The veterinarian will run his hands along each side of the cat’s torso to assess the ribs for symmetry and evaluate the body condition of the cat. For example, ribs that are easy to feel indicate a cat is underweight, ribs that cannot be felt mean the cat is overweight.
A stethoscope is a medical instrument used to listen to the heart and lungs which can pick up abnormalities.
The abdominal area is carefully palpitated with the veterinarian’s fingers to feel for tenderness and evaluate the organs, including the kidneys, liver, spleen, intestines, bladder, and uterus. In a healthy cat, only the kidneys and a full bladder can be felt.
The bean-shaped lymph nodes are located around the body and are palpitated for signs of enlargement or tenderness, which can be a symptom of infection or cancer.
Anal and genital area:
Any signs of discharge, lumps, bumps or swelling.
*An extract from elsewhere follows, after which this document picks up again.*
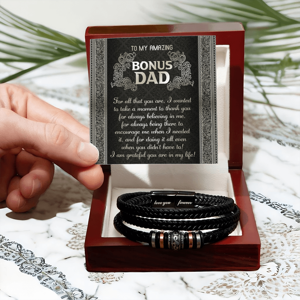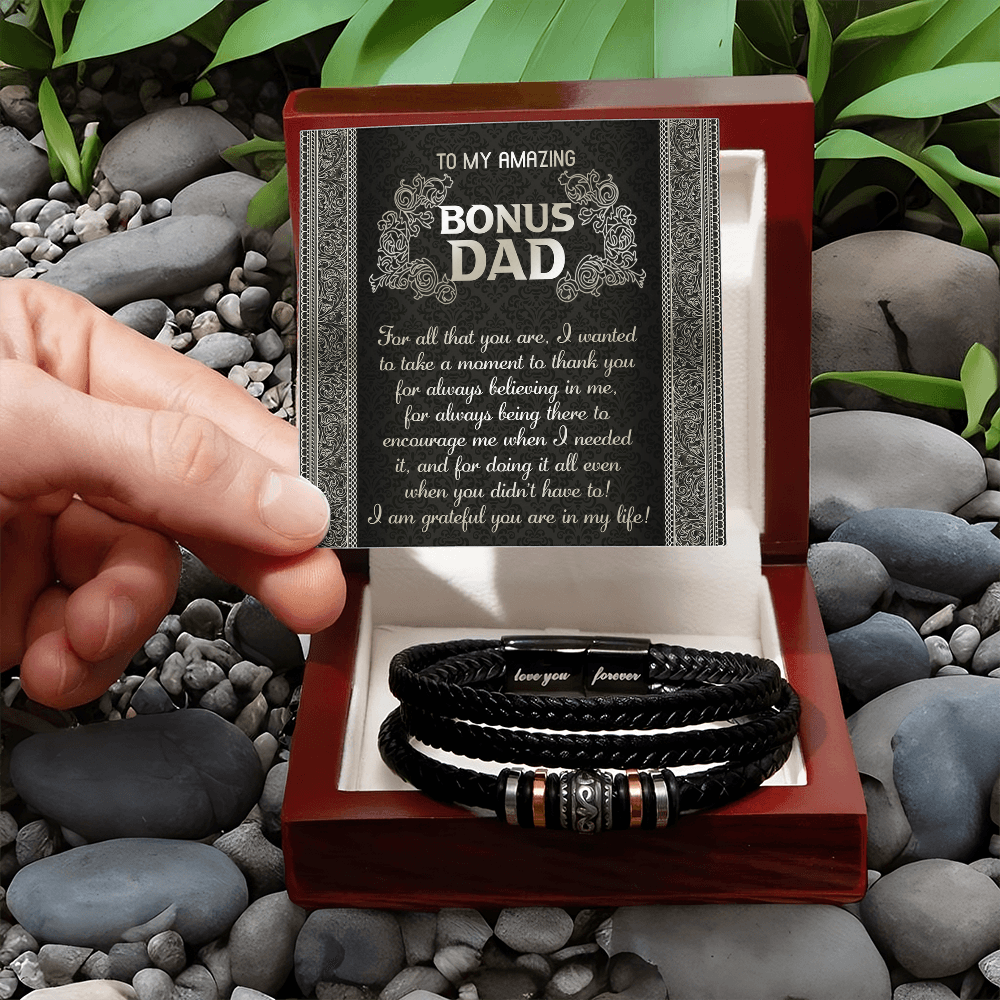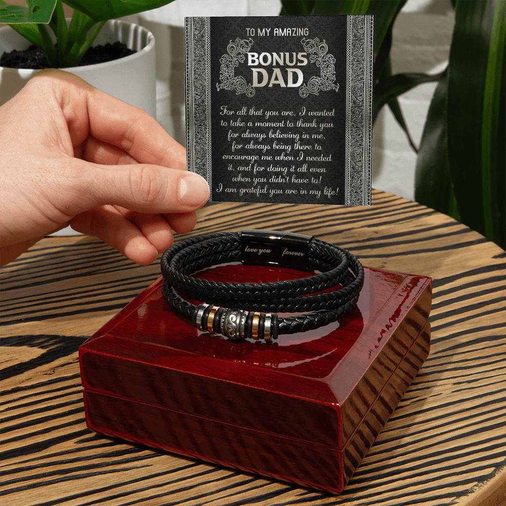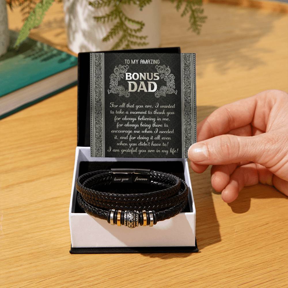 My Amazing Bonus Dad - Wanted To Take A Moment To Thank You For Always Believing In Me - For Always Being There To Encourage Me - For Doing It All Even When You Didn't Have To - I Am Grateful You Are In My Life - Bracelet BR, DAD0000019BR

Not all veterinarians recommend tests (unless indicated); however, it can be advantageous to do so. Baseline tests can pick up many diseases even before symptoms become apparent. Your veterinarian will be able to refer back to previous test results for a timeline.
Fecal test – This test examines the feces for eggs to common intestinal parasites.
Dental xrays – These aren’t a routine best, but it doesn’t hurt to have full dental xrays. Even if the teeth above the gum line look healthy, a lot can happen below the gum which an xray will reveal.
Heartworm test – This serious and potentially deadly parasitic worm lives in the heart and pulmonary arteries of dogs, and cats. If you live in an area with heartworm, it is important to treat your cat with a heartworm preventative medication. Even if a cat is on heartworm prevention medication, it is still advisable to test once a year for this parasite.
Titre test – If you and your veterinarian decide to switch from annual vaccinations to every three years, a titer test, which is a simple blood test, can detect levels of antibodies to diseases for which vaccinations can prevent. If the cat has high titer levels, then the cat still has immunity.